# Общий раздел > Форум свободного общения > Юмор >  Несусветные новости - Михаил Задорнов.

## Irina

*НЕСУСВЕТНЫЕ НОВОСТИ-МИХАИЛ ЗАДОРНОВ
*

- Киркоров вступил в партию «Единая Россия» и теперь его уважительно называют Филипп Едросович.


- Мало кто знает, что в Нижнем Новгороде пассажиров поезда «Сапсан» теперь встречает такси «Щегол».

- Недавно выяснилось, что причина неудачных запусков ракеты «Булава» в первых двух буквах – Б/У.

- Григорий Перельман на днях все-таки согласился взять миллион долларов. Как объяснил Григорий, у него на даче закончилась бумага для растопки печки-буржуйки.

- После задержания в США российских шпионов ясновидящие России единогласно заявили, что причина провала – в испорченной карме.
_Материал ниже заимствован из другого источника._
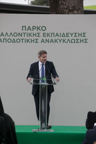 Είναι πολύ ευχάριστο, που η Δομή των Πάρκων αποτελεί μια θετική πανευρωπαϊκή πρωτιά της χώρας μας, καθόσον δεν έχει ακόμα επεκταθεί η καλή πρακτική σε άλλες χώρες της Ευρώπης.Χαίρομαι που στο «Πάρκο της Ανακύκλωσης» εφαρμόζεται τόσο η νομική υποχρέωση της Διαλογής στην Πηγή σε τέσσερα χωριστά ρεύματα υλικών συσκευασίας, όσο και η σύσταση της Ευρωπαϊκής Επιτροπής.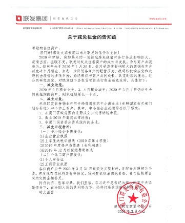 受此次疫情影響,各行各業(yè)都遭受到不小的沖擊,特別是中小微企業(yè)、個(gè)體經(jīng)營(yíng)者、商鋪門店,更面臨著營(yíng)收下滑、租金費(fèi)用等經(jīng)營(yíng)壓力。日前,廈門品牌國(guó)企廈門聯(lián)發(fā)商置有限公司積極履行社會(huì)責(zé)任,發(fā)布了一則減免租金的公告,為園區(qū)商企客戶減免3個(gè)月的租金,助力中小微企業(yè)渡過難關(guān)。

Нельзя было Штирлица раскрашивать!

- После того, как на чемпионате мира по футболу в ЮАР стали популярны вувузелы, в преддверии Олимпиады в Сочи оживились производители балалаек и гуслей.

- Этим летом президент Медведев встретился со сборной России по легкой атлетике. На встрече он забыл отметить, что наши успехи в этом виде спорта связаны с тем, что в России за последние годы очень хорошо научились кидать и убегать.

- Полиция США ужесточила борьбу с пьянством водителей. Теперь водитель, вместо того, чтобы дуть в трубочку, должен пересказать содержание сериала «Lost». Если ему это удастся, он будет признан нетрезвым.

- Успех осьминога Пауля не дает покоя другим животным. В тамбовских лесах завелся медведь-прорицатель. Его прогнозы безошибочны – кого он выберет, тот из леса уже не вернется.

- Благодаря фестивалю «Новая волна», российские дети стали думать, что Юрмала – это название летнего лагеря для московских поп-звезд.

- В первый же день «Новой волны» курьезный случай произошел с Сергеем Зверевым. Он на кого-то обиделся, надул губки, потерял равновесие и упал мордашечкой об асфальт.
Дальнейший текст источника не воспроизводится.